**What you have to do**. In your copy of the entries, please include no pictures and return every word exactly.

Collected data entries
◆ ◆ ◆ ◆

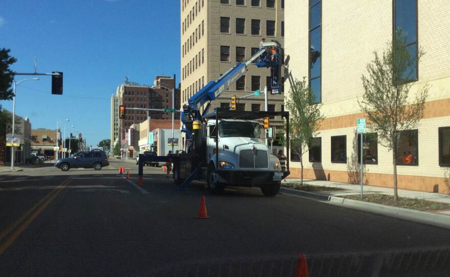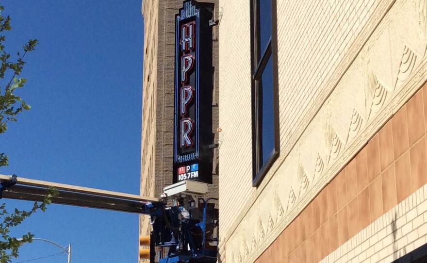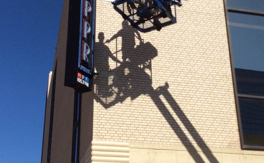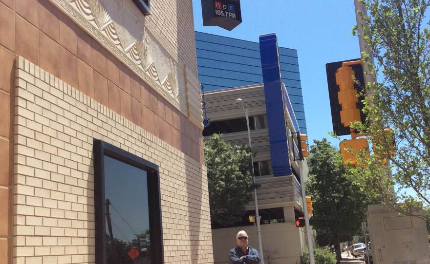 The neon sign saying, "Hey, this is where High Plains Public Radio lives," is back. It's lighting up the corner of 6th and Polk Street in Amarillo.
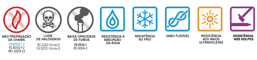 •          Temperatura máxima no condutor: 90 ºC (120 ºC durante 20 000 h)
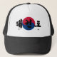 Tae Kwon-Do en calligraphie coréenne gros texte /anglais petit texte avec drapeau à l'arrière
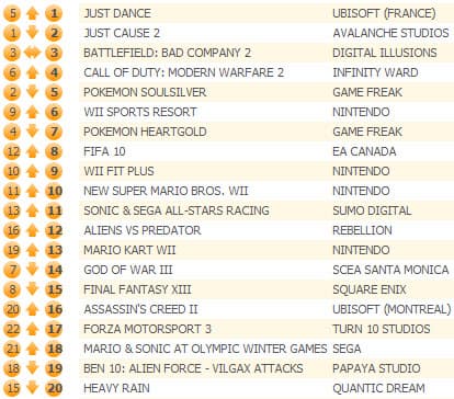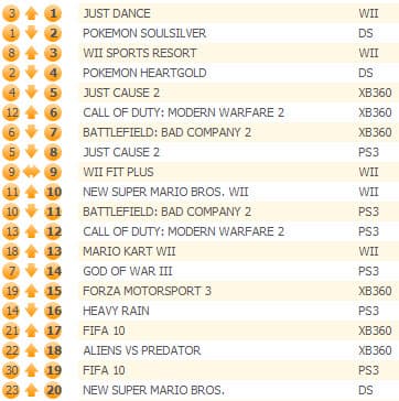 Продажи Just Cause 2 снизились незначительно (-21%), игра опустилась на вторую строчку. Battlefield: Bad Company 2 осталась на своей третьей позиции, а Call of Duty: Modern Warfare 2 вернулась в пятерку лидеров впервые за пять недель.
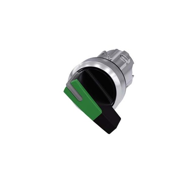 Selector switch, illuminable, 22 mm, round, metal, shiny, green

◆ ◆ ◆ ◆

**Task response**.
 The neon sign saying, "Hey, this is where High Plains Public Radio lives," is back. It's lighting up the corner of 6th and Polk Street in Amarillo.
 •          Temperatura máxima no condutor: 90 ºC (120 ºC durante 20 000 h)
 Tae Kwon-Do en calligraphie coréenne gros texte /anglais petit texte avec drapeau à l'arrière
 Продажи Just Cause 2 снизились незначительно (-21%), игра опустилась на вторую строчку. Battlefield: Bad Company 2 осталась на своей третьей позиции, а Call of Duty: Modern Warfare 2 вернулась в пятерку лидеров впервые за пять недель.
 Selector switch, illuminable, 22 mm, round, metal, shiny, green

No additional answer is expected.